:: Excerpted records

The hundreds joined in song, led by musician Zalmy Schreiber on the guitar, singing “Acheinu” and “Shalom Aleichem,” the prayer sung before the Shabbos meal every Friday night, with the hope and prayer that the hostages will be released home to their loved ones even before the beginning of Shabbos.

::::
:: Excerpted records

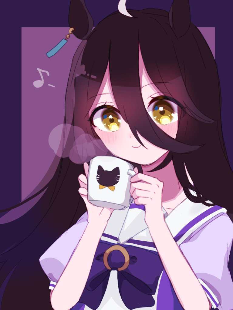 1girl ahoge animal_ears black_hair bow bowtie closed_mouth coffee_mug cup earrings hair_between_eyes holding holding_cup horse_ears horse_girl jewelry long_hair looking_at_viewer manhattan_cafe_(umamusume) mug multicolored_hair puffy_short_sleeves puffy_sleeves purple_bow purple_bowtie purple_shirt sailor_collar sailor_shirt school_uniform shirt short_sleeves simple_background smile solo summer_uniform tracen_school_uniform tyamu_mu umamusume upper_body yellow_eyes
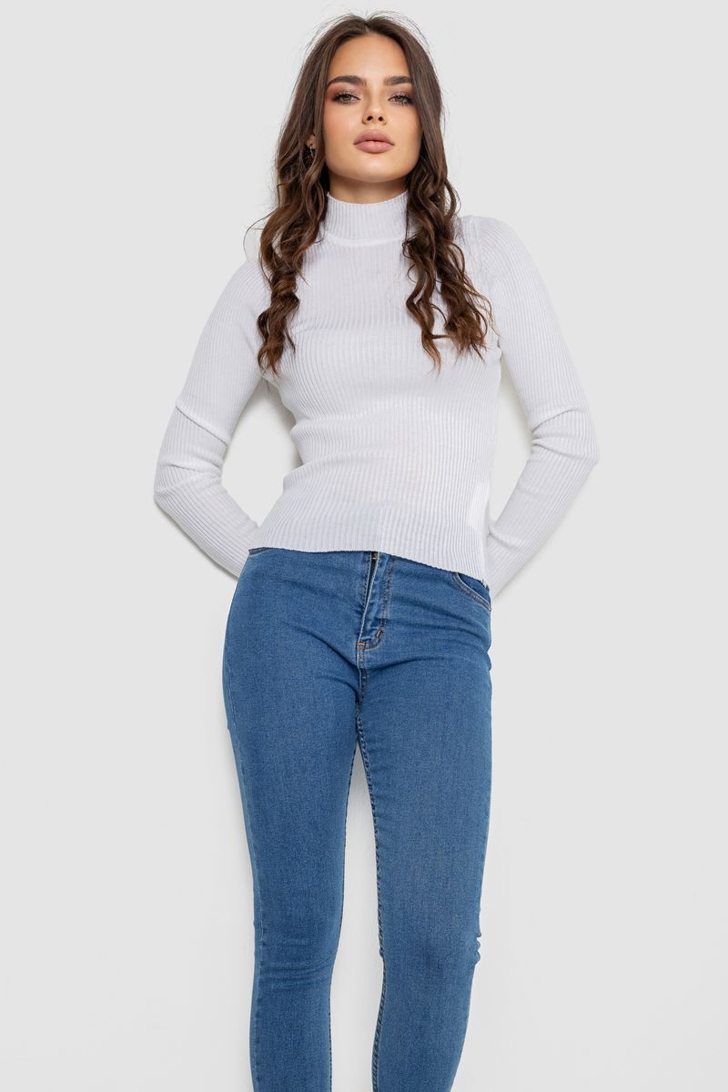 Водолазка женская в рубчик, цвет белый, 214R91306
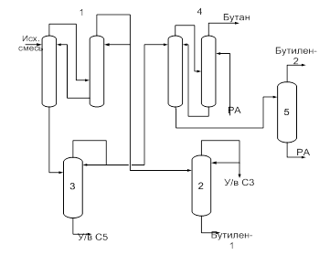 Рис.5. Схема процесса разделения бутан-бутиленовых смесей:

::::

Copy the listing above exactly, but only from the line with "Водолазка женская в" through the line with "Рис.5. Схема процесса", including those two lines and excluding any picture.

**Your response**
 Водолазка женская в рубчик, цвет белый, 214R91306
 Рис.5. Схема процесса разделения бутан-бутиленовых смесей:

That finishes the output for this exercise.